Records from a data collection
####

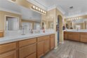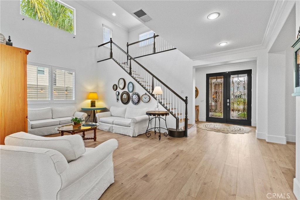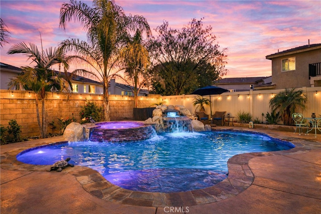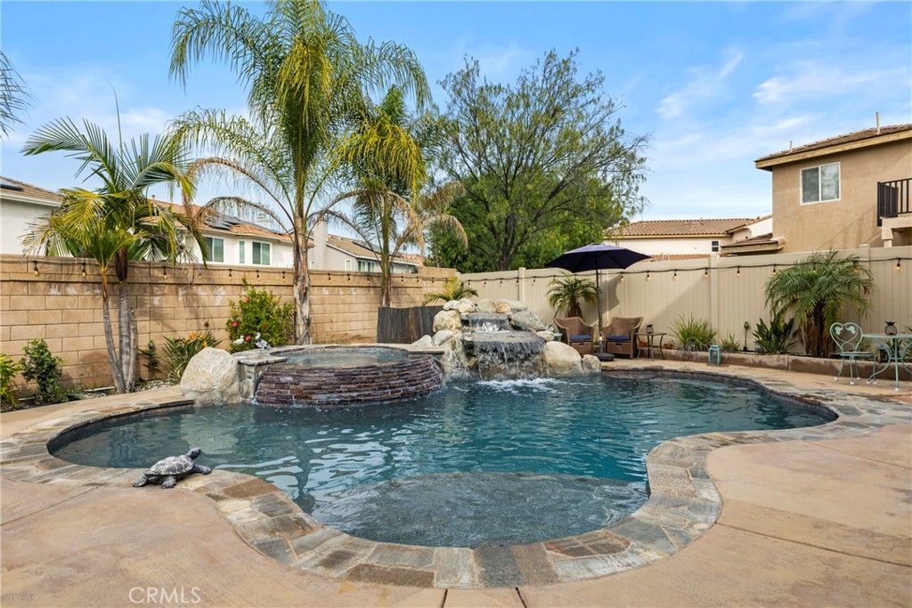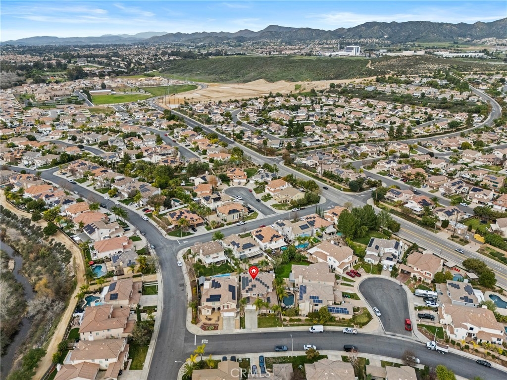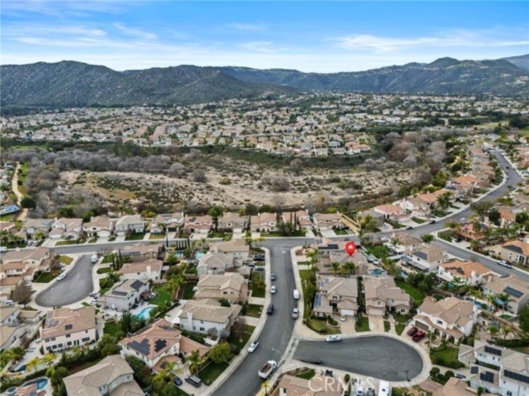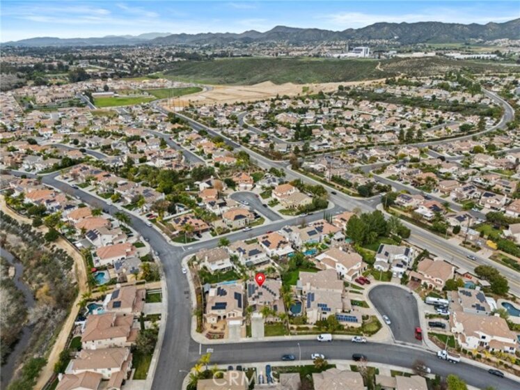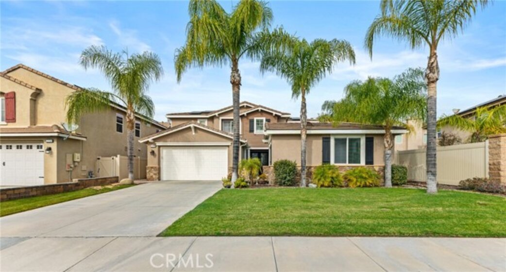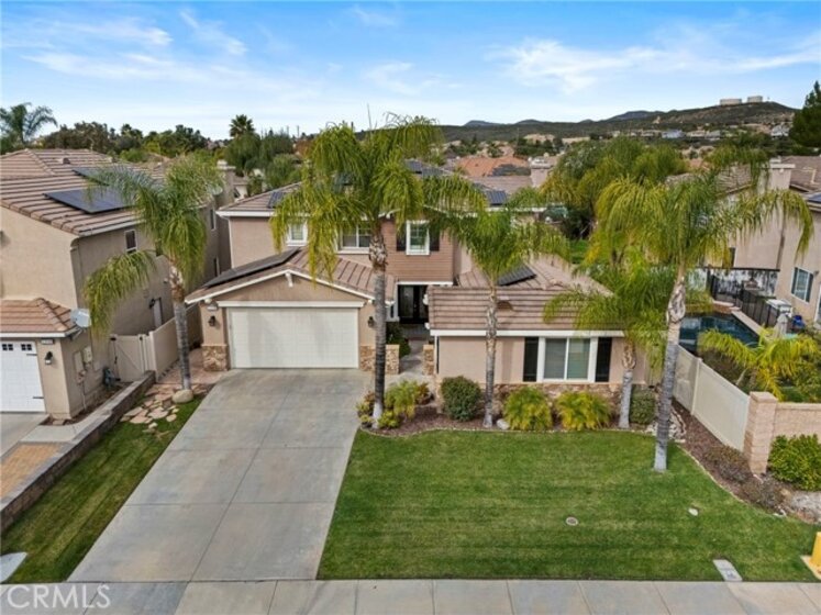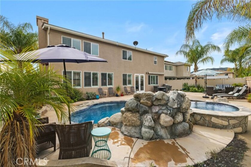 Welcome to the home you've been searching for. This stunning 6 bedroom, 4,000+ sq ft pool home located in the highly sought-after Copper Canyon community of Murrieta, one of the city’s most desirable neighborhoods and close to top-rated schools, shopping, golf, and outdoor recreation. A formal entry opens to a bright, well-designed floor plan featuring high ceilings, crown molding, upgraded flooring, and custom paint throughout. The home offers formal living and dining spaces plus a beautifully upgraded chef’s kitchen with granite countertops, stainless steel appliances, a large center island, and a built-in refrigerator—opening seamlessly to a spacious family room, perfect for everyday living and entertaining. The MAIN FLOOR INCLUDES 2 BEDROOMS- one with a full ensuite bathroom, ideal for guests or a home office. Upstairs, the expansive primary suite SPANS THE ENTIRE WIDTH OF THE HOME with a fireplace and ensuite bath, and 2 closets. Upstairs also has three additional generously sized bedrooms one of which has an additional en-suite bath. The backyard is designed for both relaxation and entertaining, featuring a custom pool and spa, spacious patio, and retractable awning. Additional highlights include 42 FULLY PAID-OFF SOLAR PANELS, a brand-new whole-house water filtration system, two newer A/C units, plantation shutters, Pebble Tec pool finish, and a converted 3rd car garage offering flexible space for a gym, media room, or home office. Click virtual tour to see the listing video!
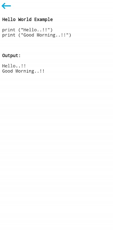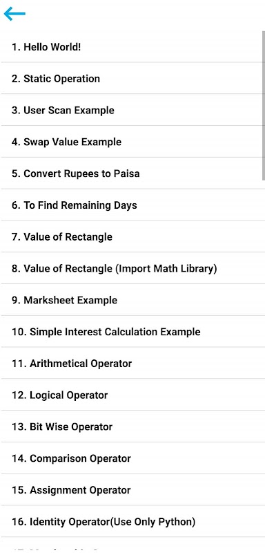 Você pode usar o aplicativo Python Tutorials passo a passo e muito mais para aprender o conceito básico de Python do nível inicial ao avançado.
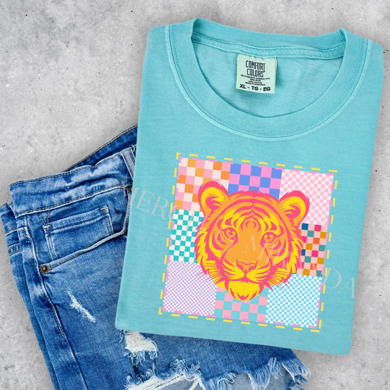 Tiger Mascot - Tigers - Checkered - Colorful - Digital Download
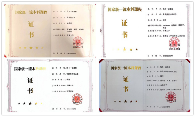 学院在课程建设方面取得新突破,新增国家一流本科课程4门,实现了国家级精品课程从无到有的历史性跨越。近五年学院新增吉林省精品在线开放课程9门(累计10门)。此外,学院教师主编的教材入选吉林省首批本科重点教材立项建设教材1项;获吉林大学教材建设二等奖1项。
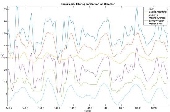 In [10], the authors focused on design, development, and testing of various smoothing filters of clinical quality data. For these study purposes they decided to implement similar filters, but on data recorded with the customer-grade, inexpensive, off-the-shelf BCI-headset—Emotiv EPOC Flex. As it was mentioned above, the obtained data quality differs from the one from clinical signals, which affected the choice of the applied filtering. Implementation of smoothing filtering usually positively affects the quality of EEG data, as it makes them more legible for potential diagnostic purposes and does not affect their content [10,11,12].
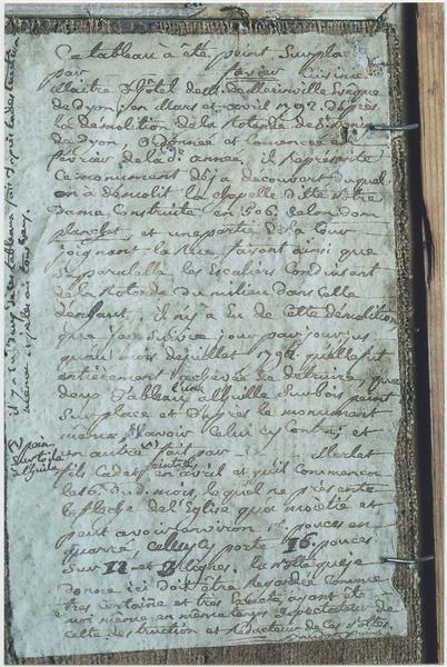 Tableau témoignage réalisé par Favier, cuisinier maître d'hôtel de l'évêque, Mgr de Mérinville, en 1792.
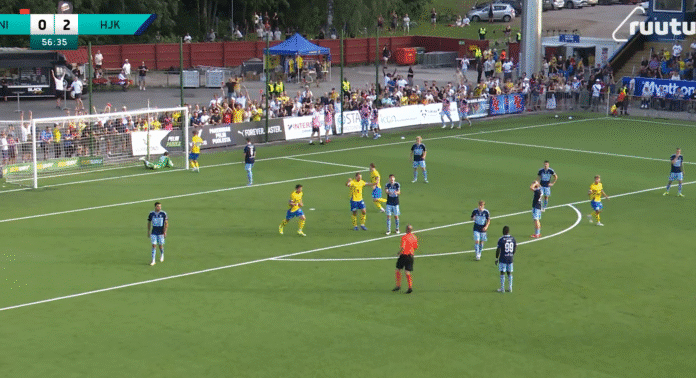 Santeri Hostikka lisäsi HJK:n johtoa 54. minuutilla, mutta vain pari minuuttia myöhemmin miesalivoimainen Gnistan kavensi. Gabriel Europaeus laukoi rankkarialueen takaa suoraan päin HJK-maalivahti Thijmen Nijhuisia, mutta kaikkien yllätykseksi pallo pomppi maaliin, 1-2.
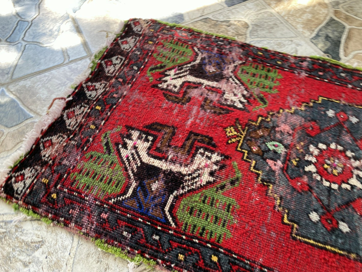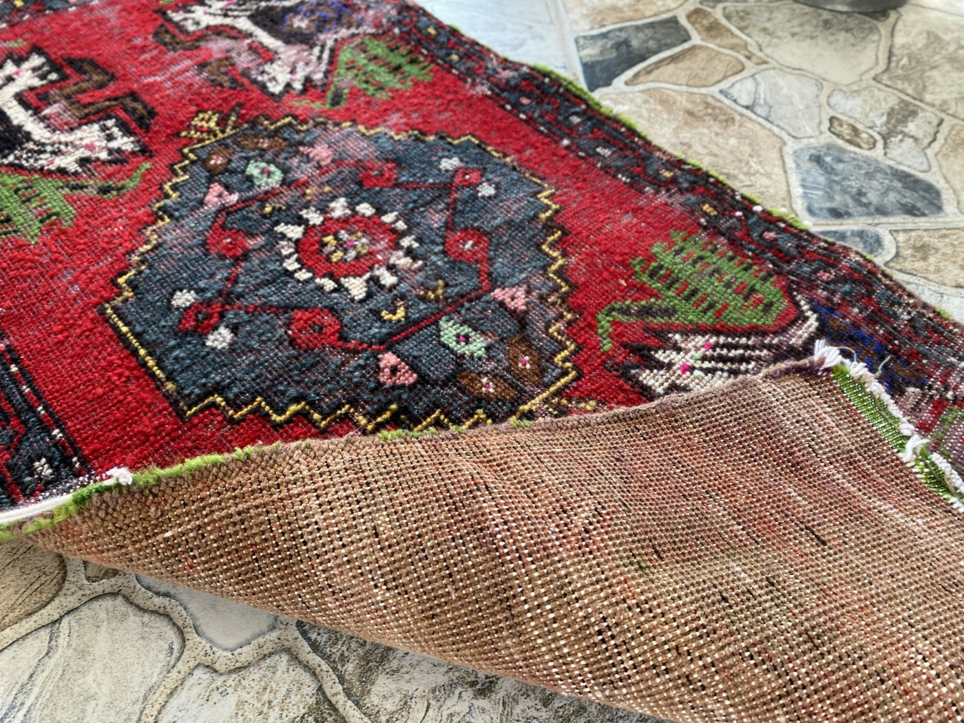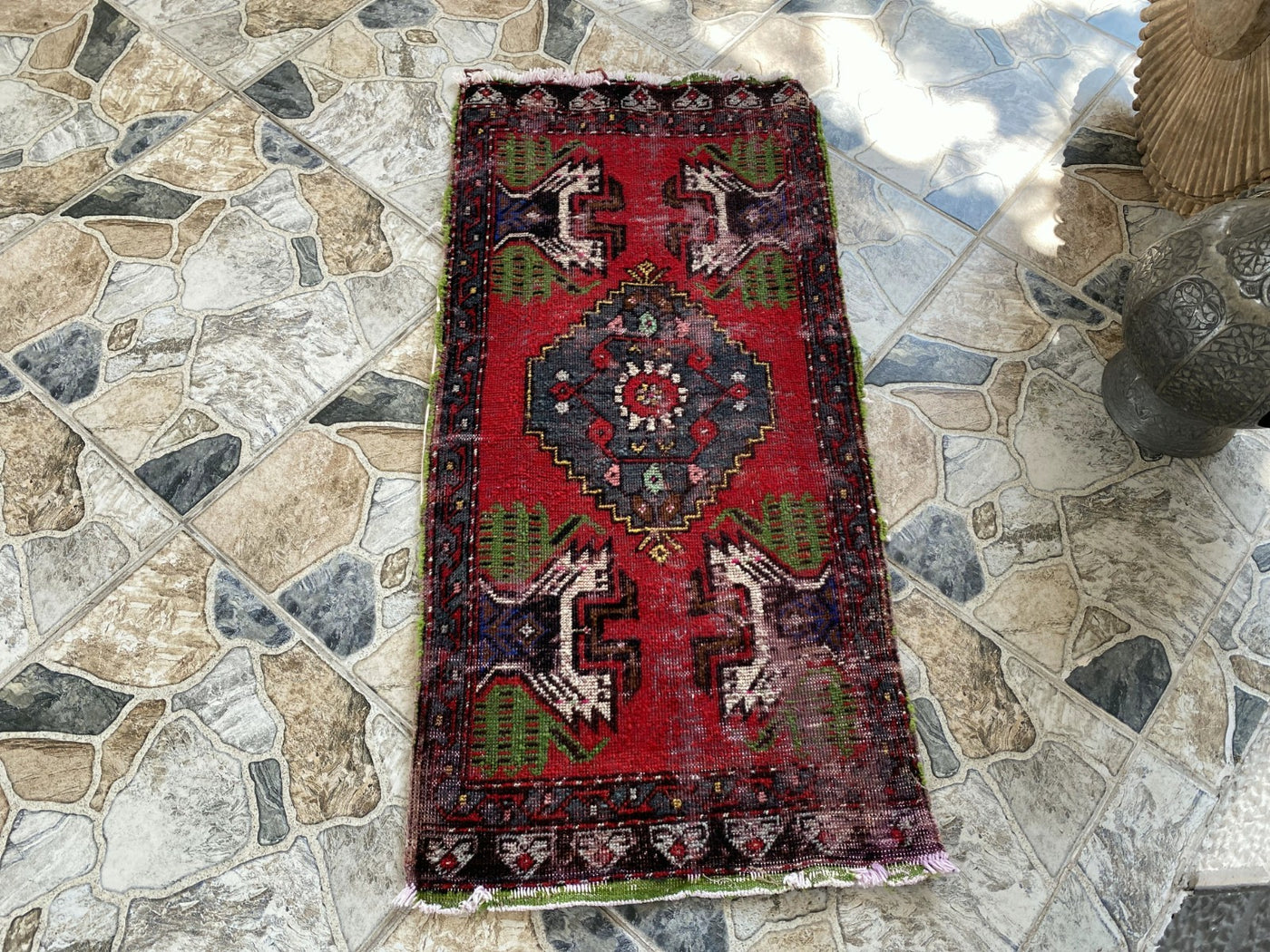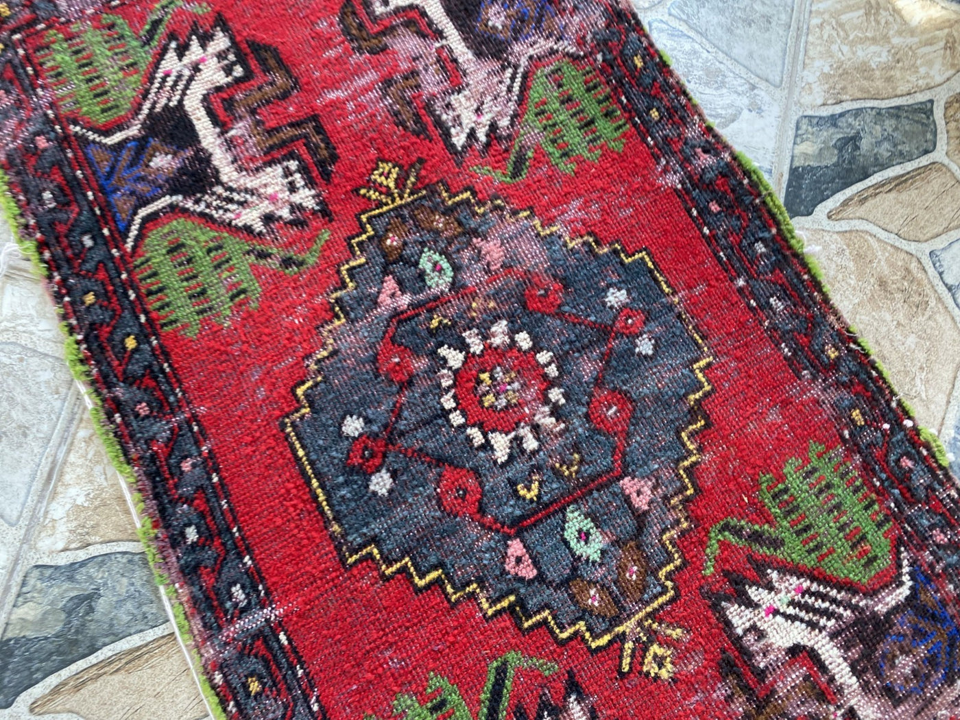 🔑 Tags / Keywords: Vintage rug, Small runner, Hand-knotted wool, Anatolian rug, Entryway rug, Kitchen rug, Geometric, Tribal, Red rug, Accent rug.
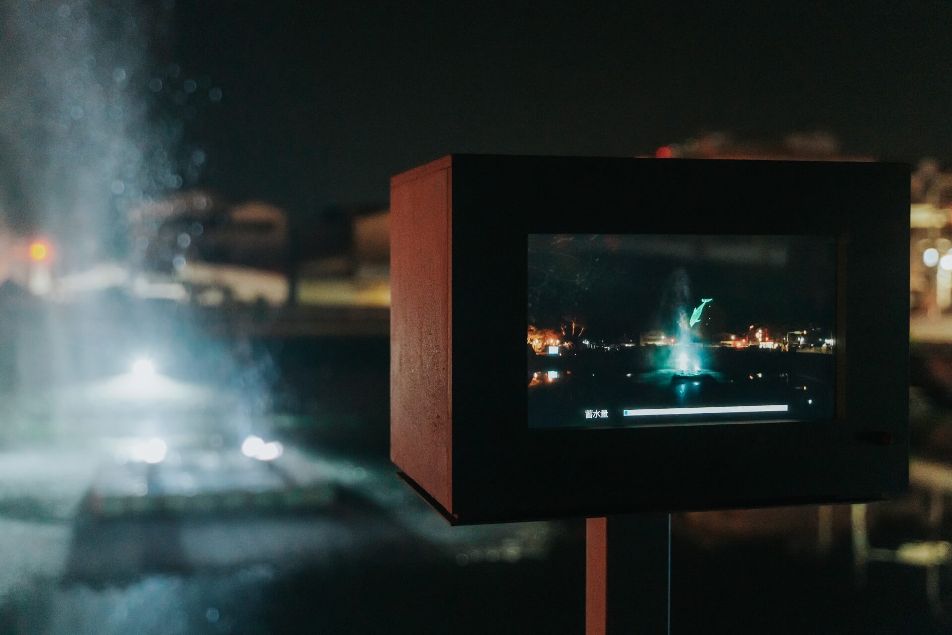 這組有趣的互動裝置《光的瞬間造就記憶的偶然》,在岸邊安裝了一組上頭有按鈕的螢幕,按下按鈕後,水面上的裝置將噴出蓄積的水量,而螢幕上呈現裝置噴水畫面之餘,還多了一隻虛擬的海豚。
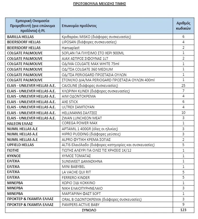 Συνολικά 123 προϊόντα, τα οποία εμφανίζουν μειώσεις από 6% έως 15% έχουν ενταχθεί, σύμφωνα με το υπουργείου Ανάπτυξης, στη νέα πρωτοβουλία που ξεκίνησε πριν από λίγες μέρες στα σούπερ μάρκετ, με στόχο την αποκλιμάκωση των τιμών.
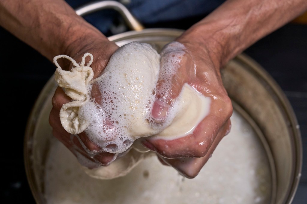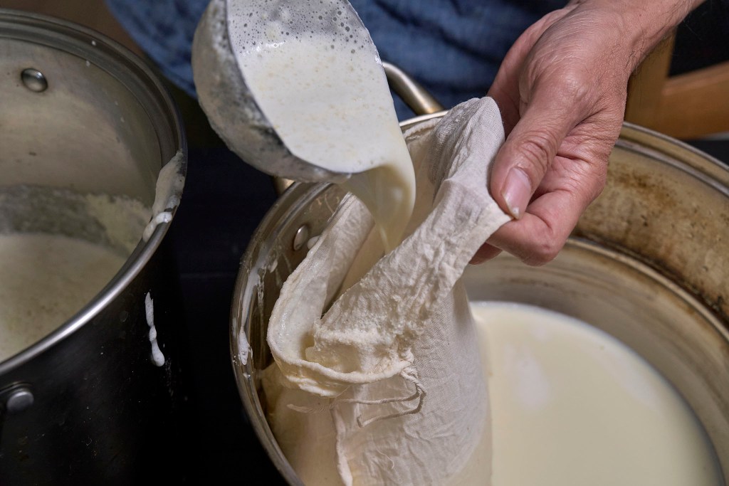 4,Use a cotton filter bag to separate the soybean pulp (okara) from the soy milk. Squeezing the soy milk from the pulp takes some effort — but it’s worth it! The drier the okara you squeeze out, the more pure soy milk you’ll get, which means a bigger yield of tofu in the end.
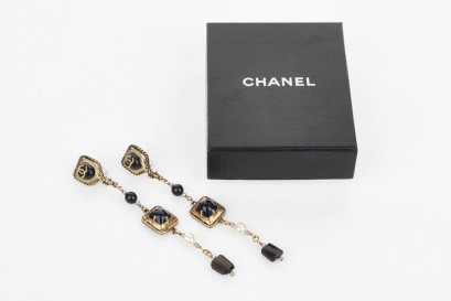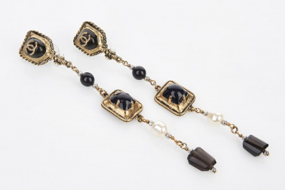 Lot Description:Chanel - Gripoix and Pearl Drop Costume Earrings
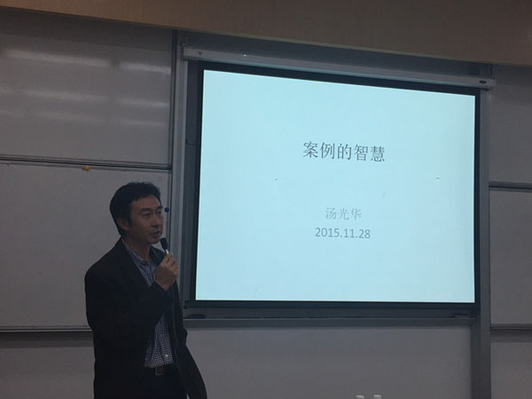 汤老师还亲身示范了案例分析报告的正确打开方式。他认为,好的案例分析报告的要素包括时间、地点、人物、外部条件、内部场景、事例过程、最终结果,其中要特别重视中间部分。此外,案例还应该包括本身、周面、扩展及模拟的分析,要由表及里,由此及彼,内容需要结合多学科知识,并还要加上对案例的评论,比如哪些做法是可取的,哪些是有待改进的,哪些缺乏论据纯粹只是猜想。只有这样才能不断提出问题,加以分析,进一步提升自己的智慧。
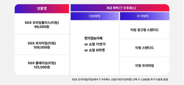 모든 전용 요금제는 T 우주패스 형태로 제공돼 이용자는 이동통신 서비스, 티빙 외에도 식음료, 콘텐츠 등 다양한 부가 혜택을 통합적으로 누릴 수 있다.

####

= Task brief =
Copy the lines above between the one holding "這組有趣的互動裝置《光的瞬間" and the one holding "Συνολικά 123 προϊόντα, τα", inclusive. Drop the pictures.

= Reply =
 這組有趣的互動裝置《光的瞬間造就記憶的偶然》,在岸邊安裝了一組上頭有按鈕的螢幕,按下按鈕後,水面上的裝置將噴出蓄積的水量,而螢幕上呈現裝置噴水畫面之餘,還多了一隻虛擬的海豚。
 Συνολικά 123 προϊόντα, τα οποία εμφανίζουν μειώσεις από 6% έως 15% έχουν ενταχθεί, σύμφωνα με το υπουργείου Ανάπτυξης, στη νέα πρωτοβουλία που ξεκίνησε πριν από λίγες μέρες στα σούπερ μάρκετ, με στόχο την αποκλιμάκωση των τιμών.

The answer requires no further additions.